Perks¶
Perks are Sushi's trait/interface system that enables generic constraints and polymorphic behavior through static dispatch. They allow you to define behavior that multiple types can implement, enabling compile-time generic programming with zero runtime overhead.
Table of Contents¶
- Overview
- Defining Perks
- Implementing Perks
- Generic Constraints
- Generic Functions with Perks
- Synthetic Implementations
- Multiple Constraints
- Common Patterns
- Error Codes
- Known Limitations
Overview¶
Perks provide a way to: - Define shared behavior across different types - Constrain generic types to ensure required functionality - Enable polymorphic functions through static dispatch - Achieve zero-cost abstractions through monomorphization
Key Design Principles:
- Perks return bare types (not Result<T>)
- Static dispatch only (no dynamic dispatch/vtables)
- Explicit implementations required (no structural typing)
- Full type checking at compile time
Defining Perks¶
A perk defines a set of method signatures that implementing types must provide:
perk Hashable:
fn hash() u64
perk Displayable:
fn display() string
fn debug() string
perk Comparable:
fn compare(&peek Point other) i32
A perk method that takes the implementing type by reference names that type
explicitly (there is no Self keyword) and must use an explicit &peek / &poke
borrow. The implementation and call site must use the same borrow kind.
Rules:
- Perk methods do not return Result<T> (unlike regular functions)
- Methods can access self implicitly
- Methods can take parameters including references
- Multiple methods can be defined in a single perk
Implementing Perks¶
Use extend TypeName with PerkName: to implement a perk for a type:
struct Point:
i32 x
i32 y
extend Point with Hashable:
fn hash() u64:
let u64 hx = self.x as u64
let u64 hy = self.y as u64
return hx + hy
extend Point with Displayable:
fn display() string:
return "Point({self.x}, {self.y})"
fn debug() string:
return "Point { x: {self.x}, y: {self.y} }"
Implementation Rules:
- All methods defined in the perk must be implemented
- Method signatures must match exactly (parameters, return types)
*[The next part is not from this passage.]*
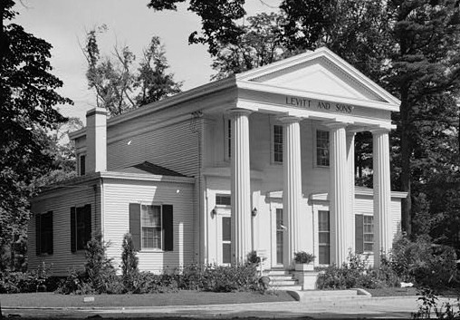 Judge Horatio Gates Onderdonk House, Strathmore Road & Rolling Hill Road, Manhasset (Nassau County, New York) cropped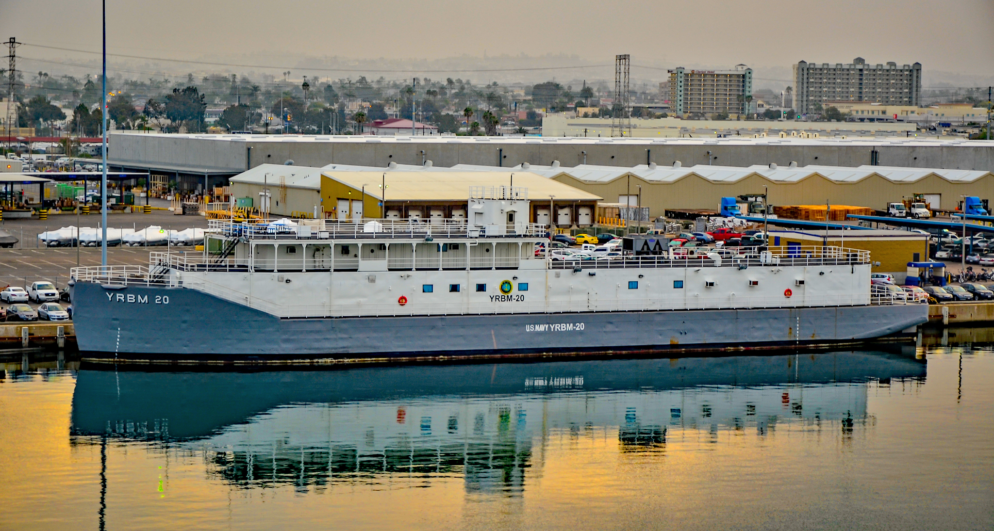 The YRBM-20, known as "The Delta Hilton" was a floating Brown Water Navy base in Vietnam during 1969 and 1970. Naval Base San Diego USS Essex (LHD-2) Family Reunion 2016 Photo: TDelCoro March 4, 2016

- Can implement multiple perks for the same type
- Can access struct fields via self
Generic Constraints¶
Perks enable type constraints on generic types:
Struct Constraints¶
perk Hashable:
fn hash() u64
# Generic struct requiring Hashable implementation
struct Container<T: Hashable>:
T value
struct Point:
i32 x
i32 y
extend Point with Hashable:
fn hash() u64:
return (self.x as u64) + (self.y as u64)
fn main() i32:
# Valid: Point implements Hashable
let Container<Point> c = Container(Point(10, 20))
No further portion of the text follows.